Her face was settling already into the expression, dogged and exalted at the same time, that it always wore when she was giving vent to feelings of disapproval.

“Strange to think,” I said, “that William Pitt the Younger was also there, together with most of his cabinet. Horatio came face-to-face with him that same evening.”

This was an attempt to sidetrack Miss Lily, but of course it failed, because she had no idea of the significance this meeting had in
my mind; she did not know the story of the chess game and the two figures side by side in my father’s book. It came to me now, with the force of some exciting, illicit impulse, that I could actually tell Miss Lily this story, as I had once told it to Penhas; I could try to explain how important it had been to me, that wound I had received in the moment of victory, the choice between the statesman and the sailor, the early lesson in concealment. I hesitated; the moment passed. But temptation once admitted leaves us never quite the same; I was to remember that urge to confide in her and how it came to me like something sinful. For the moment, I contented myself with a statement of fact: “It wasn’t a reception exactly. It was a very grand dinner party at the house of Alexander Davison, in St. James’s Square.”

“Who was he?”

“He was Horatio’s prize agent.”

“What is a prize agent?”

“That is the man who managed the prize money falling due to the people who fought in a battle. Some of the enemy ships taken might be carrying valuable cargoes. Occasionally they might be carrying hugely valuable cargoes. There was a system of prizes. The total value was divided in strict proportion. The commander of the ship got one quarter, the lieutenants got one eighth, and so on.”

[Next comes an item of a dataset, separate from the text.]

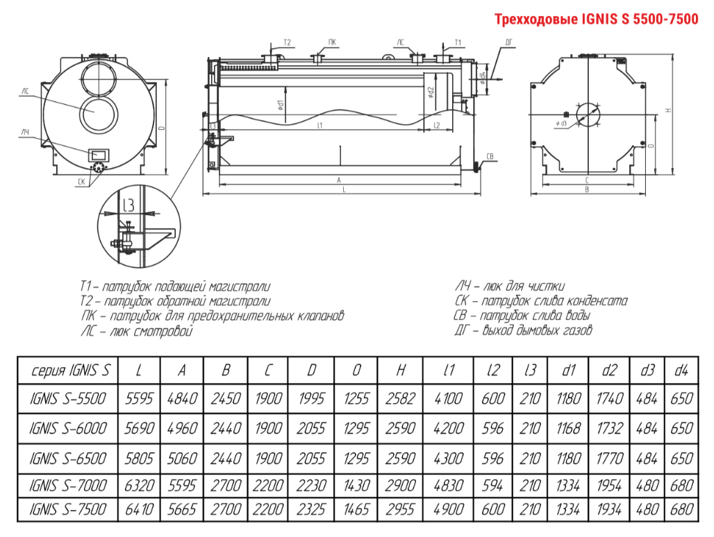 Технические характеристики водогрейного трёхходового котла ARCUS IGNIS S-6000

“So they just sort of shared out the booty?”

“You could put it like that, I suppose.”

“How much did the men get, the ordinary seamen?”

“It depended on how many there were. There was always one quarter left after all the rest had been shared out.”

“Sounds like blood money to me.”

“Horatio didn’t fight for money. He fought for his country.”

“Be that as it may, it wouldn’t have come amiss on top of his pay, that’s all I am saying. Anyway, where the party took place is neither here nor there. The Prince of Wales takes a fancy to her and she
makes sure her lover knows it. As soon as he goes to sea again, she starts tormenting him. The Prince keeps cropping up in her letters. She is taking care not to go where the Prince is likely to be. The Prince is doing his best to seduce her, but so far she has managed to escape him. Then, against her will, Sir William invites him under their roof. She has her duty as hostess, what can she do? And so on. Letter after letter. That reception or dinner party or whatever it was happened in November, and she is still keeping it warm the following March. He is sitting in his boat, miles from anywhere, going through hell.”